Thanks for your response.
>I must be missing just what it is you're asking for. Since you can't visually define a column class, you have to define in a .PRG.
>
>You then set the Grid's .MemberClass property to your classname in your .PRG (which automatically sets the .MemberClassLibrary to the .PRG. You can set that in the class designer for a grid, or for a form with a grid in it. When columns are added to your grid, they'll use your custom column definition, which you can either add controls in the DEFINE CLASS with ADD OBJECT, or you can use the AddObject() method to add your controls.
>
>
>* custcolumn.prg
>*
>DEFINE CLASS myColumn AS Column
> ADD OBJECT MyText AS TextBox ;
> WITH FontSize=12, ;
> FontBold = .T., ;
> Visible = .t.
>ENDDEFINE
>
>Once you have this, all you need to do is modify the Grid.MemberClass and Grid.memberClassLibrary properties to use your new column with it's custom controls.
>
>
>>Hi Fred,
>>
>>That is what I was asking. How do I define a column with MY control? The only way I could find was to addobject() in my colum code. I added the properties below so I can change the control in the visual designer.
>>
>>>But can't you just define a column class that uses your TextBox and then use the Grid's MemberClass properties to add your specialized column? I do believe that's the intent of the whole MemberClass animal.
>>>
>>>
>>>>Fred,
>>>>
>>>>Too bad. It would have been nice to be able to define a default control different from the base textbox we get now. I find that the text1 control that always gets added is not if my control class addes my control at runtime. For example.
>>>>
>>>>
>>>>DEFINE CLASS cColumn AS column
>>>> HeaderClass = "cheader"
>>>> HeaderClassLibrary = "cgridclass.prg"
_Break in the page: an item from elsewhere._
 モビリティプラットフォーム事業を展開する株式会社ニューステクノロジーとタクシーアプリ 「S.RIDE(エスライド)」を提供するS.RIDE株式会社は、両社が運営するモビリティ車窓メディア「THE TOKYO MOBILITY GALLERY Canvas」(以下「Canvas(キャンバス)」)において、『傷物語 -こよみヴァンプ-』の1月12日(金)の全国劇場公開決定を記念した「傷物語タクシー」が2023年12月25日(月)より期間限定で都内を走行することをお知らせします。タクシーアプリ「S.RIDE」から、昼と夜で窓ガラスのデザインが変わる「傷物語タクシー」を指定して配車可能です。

>>>> cControlClass = "cgrid_textbox"
>>>> cControlClassLib = "cgridcontrols"
>>>> cControlName = ""
>>>> PROCEDURE init()
>>>> LOCAL lcControl
>>>> IF NOT EMPTY(this.cControlClass) AND NOT EMPTY(this.cControlClassLib)
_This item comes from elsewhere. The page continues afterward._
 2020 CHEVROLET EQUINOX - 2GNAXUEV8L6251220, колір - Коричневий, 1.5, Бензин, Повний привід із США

>>>> IF EMPTY(this.cControlName)
>>>> this.cControlName = this.cControlClass
>>>> ENDIF
>>>> this.NewObject(this.cControlName,this.cControlClass,this.cControlClassLib)
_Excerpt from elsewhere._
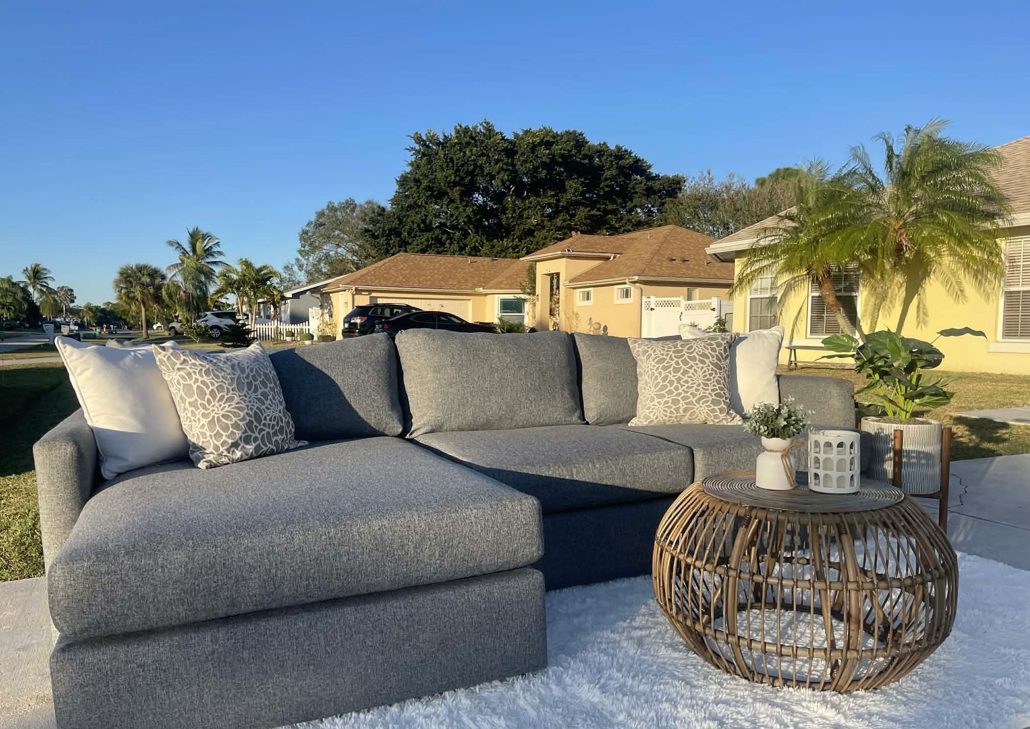 Grey Kevin Charles sectional 9.5ft x 5.5ft All covers unzip to throw in the washer in the future

>>>> this.CurrentControl=this.cControlName
>>>> DODEFAULT()
>>>> FOR EACH loControl IN this.Controls
>>>> loControl.visible = .t.
>>>> NEXT
>>>> ENDIF
>>>> ENDPROC
>>>>
>>>>ENDDEFINE
>>>>
>>>>
>>>>
>>>>>>Hi All
>>>>>>
>>>>>>I can't find a way to set the control in a column except to addobject() the control. Is there not a memberclass for the control similar to the headerclass?
>>>>>>
>>>>>>Thanks
>>>>>
>>>>>Since a Column can only have a single header, you can use the HeaderClass and HeaderClassLibrary properties.
>>>>>
>>>>>If you're looking to add different controls along with the header, you'll have to do that in the Designer for each individual column, or at runtime using AddObject, but it sounds like you already know how to do that. There is no MemberClass properties except for the HeaderClass.